Figures 4 and 5 illustrate the effect of 1·2° shift on percent volume and dose coverage for 3 mm and 10 mm tumours, respectively, for varying lesion separations from 5 cm to 15 cm.
Figure 4. Percent dose (D100%) and percent volume (V100%) coverage of 3 mm tumours for increasing lesion separations.
Figure 5. Percent dose (D100%) and percent volume (V100%) coverage of 10 mm tumours for increasing lesion separations.
As shown in Figure 4, the effect of shift is significant for small tumours and large separations. For a maximum separation of 15 cm, the percent volume coverage, V100%, was 39·1%, while the percent dose coverage, D100%, remained significantly higher at 79·6% for 3 mm tumours.
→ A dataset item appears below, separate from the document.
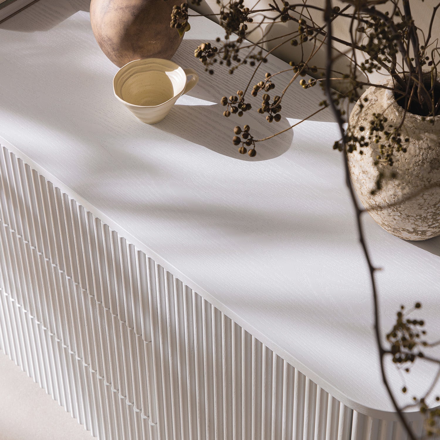 - Épuré et sophistiqué, notre buffet Maru en blanc délavé est une pièce de rangement raffinée qui apporte calme, clarté et structure à votre espace de vie ou de salle à manger.

In the case of larger tumours, the effect of shift on the percent dose and volume coverage is less significant. Figure 5 shows that for a maximum separation of 15 cm, the percent volume coverage, V100%, is 80·2%, while for a tumour of 10 mm, the percent dose coverage, D100%, is 77·1%.
The tabulated data attached to this paper (Tables 2–6) summarize the percent volume and dose variations for all separations and shifts. The data also contains the absolute volume of the healthy brain that receives 1200 cGy for the original plans. A total tumour separation of 11 cm is more clinically relevant than 15 cm. 11 cm separation corresponds to a 5·5 cm distance from the isocentre of two identical GTVs. For two 3 mm diameter tumours with 11 cm separation (5·5 cm from the isocentre) for an extreme shift of 1·2°, D100%, V100% and V12Gy[cc] were 84·2%, 56·1% and 0·45cc, respectively (Table 2a–e). Similarly, for two 4 mm diameter tumours with 11 cm separation (5·5 cm from the isocentre), for an extreme shift of 1·2 °, D100%, V100% and V12Gy[cc] were 80·3%, 66·8% and 0·57cc, respectively (Table 3a–e). For two 6 mm diameter tumours with 11 cm separation (5·5 cm from the isocentre) for an extreme shift of 1·2 °, D100%, V100% and V12Gy[cc] were 78·6%, 75·0% and 0·71cc, respectively (Table 4a–e). In addition, for two 8 mm diameter tumours with 11 cm separation (5·5 cm from the isocentre) for an extreme shift of 1·2 °, D100%, V100% and V12Gy[cc] were 78·6%, 81·1% and 1·34 cc, respectively (Table 5a–e). For two 10 mm diameter tumours with 11 cm separation (5·5 cm from the isocentre) for an extreme shift of 1·2 °, D100%, V100% and V12Gy[cc] were 82·1%, 85·6% and 2·32cc, respectively (Table 6a–e).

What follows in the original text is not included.